Morning Security Brief: DHS Unit Hamstrung, Organized Retail Crime, Bogus DHS Letter, FISMA

By Ann Longmore-Etheridge


♦ According to the Washington Post, the U.S. Department of Homeland Security "has cut the number of personnel studying domestic terrorism unrelated to Islam, canceled numerous state and local law enforcement briefings, and held up dissemination of nearly a dozen reports on extremist groups," say current and former officials, because of a backlash from conservatives after the department released a report in 2009 on rightwing extremism. The result has been that "in the two years since, the officials said, the analytical unit that produced that report has been effectively eviscerated. Much of its work—including a digest of domestic terror incidents and the distribution of definitions for terms such as 'white supremacist' and 'Christian Identity'—has been blocked. Multiple current and former law enforcement officials who have regularly viewed DHS analyses said the department had not reported in depth on any domestic extremist groups since 2009," says the Post.
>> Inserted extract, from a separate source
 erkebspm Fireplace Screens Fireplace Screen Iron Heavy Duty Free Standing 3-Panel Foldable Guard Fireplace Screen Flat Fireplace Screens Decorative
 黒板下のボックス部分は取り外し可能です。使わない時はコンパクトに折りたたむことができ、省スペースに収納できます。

A report freshly released from the National Retail Federation (NRF) says that organized retail crime is growing and that North New Jersey and the New York City metro area are hotspots. The report reveals that loss prevention executives at more than 125 retail chains said these were the areas where their companies had experienced the highest rates of organized retail crime. "The study found 94.5 percent of the companies surveyed had been the victim of organized retail crime in the past 12 months, the highest number in the seven years the NRF has been conducting the study, up from 89.5 percent a year ago," reports

♦ The FBI has issued a warning that a scam is afoot. A letter has been mailed to people around the nation, supposedly from the DHS, threatening recipients with arrest unless they pay $350 to obtain a clearance certificate. The Detroit News has more.
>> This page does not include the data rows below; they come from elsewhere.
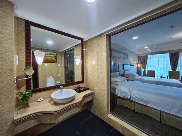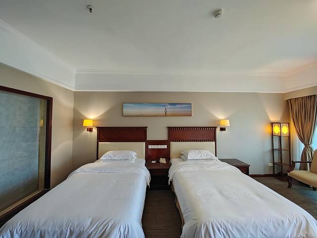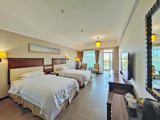 128间设施齐全的海景客房和别墅套房景观一级棒,满眼琼州海峡的碧波浩渺,天气好的时候还能远眺海口群楼呢!
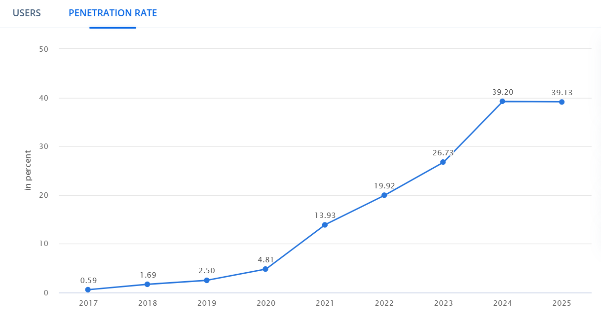 وفقًا لـ Statista، سيصل معدل الاختراق في البلاد إلى 39,13 في 2025. يعتمد هذا الحساب على مؤشرات السوق الرئيسية، مثل الناتج المحلي الإجمالي، إنفاق المستهلك، السكان، اختراق الإنترنت، اختراق الهواتف الذكية، اختراق بطاقات الائتمان، واختراق الخدمات المصرفية عبر الإنترنت.
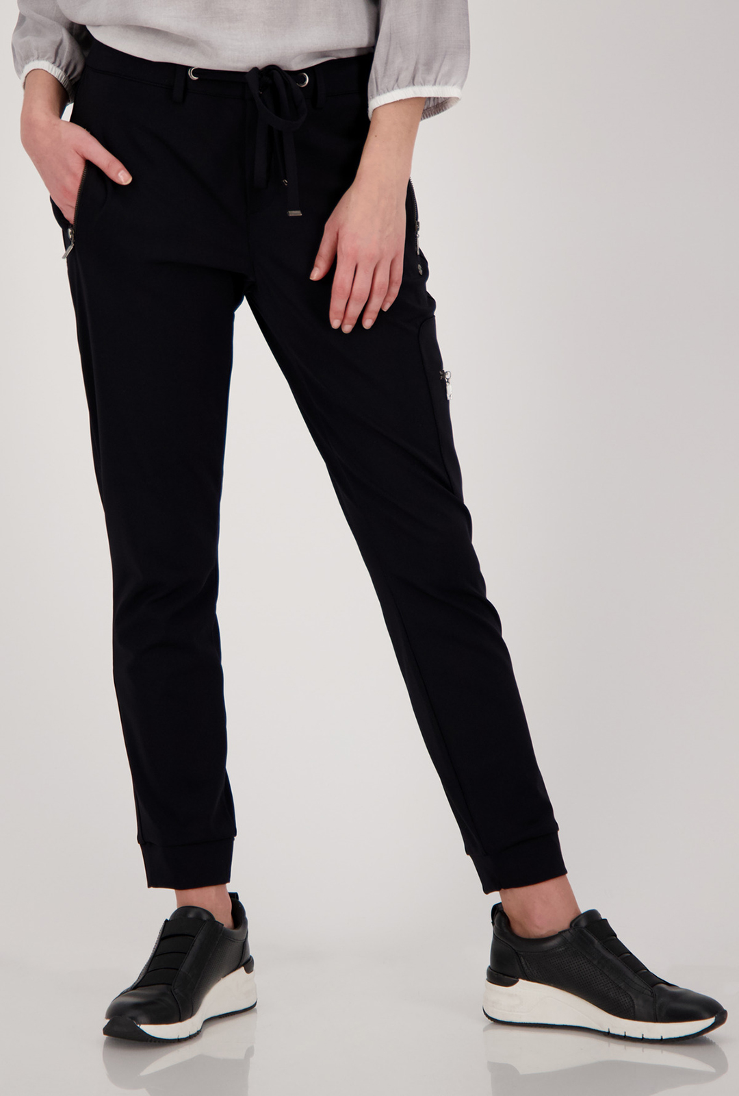На сайте указаны Российские размеры. Однотонные укороченные брюки в спортивном стиле подойдут для составления городского повседневного образа. Комфортная средняя посадка и пояс на кулиске обеспечивают удобство ношения. Прорезные боковые карманы на молнии, длина брюк 7/8.

♦The DHS has released new reporting metrics for agency compliance with the Federal Information Security Management Act (FISMA) that focus on continuous cybersecurity monitoring, says Information Week Government. "The new metrics should bolster the federal government's strategy to keep closer and more constant track of security vulnerabilities and threats as it moves forward with improvements to overall cybersecurity across agencies," the site reports.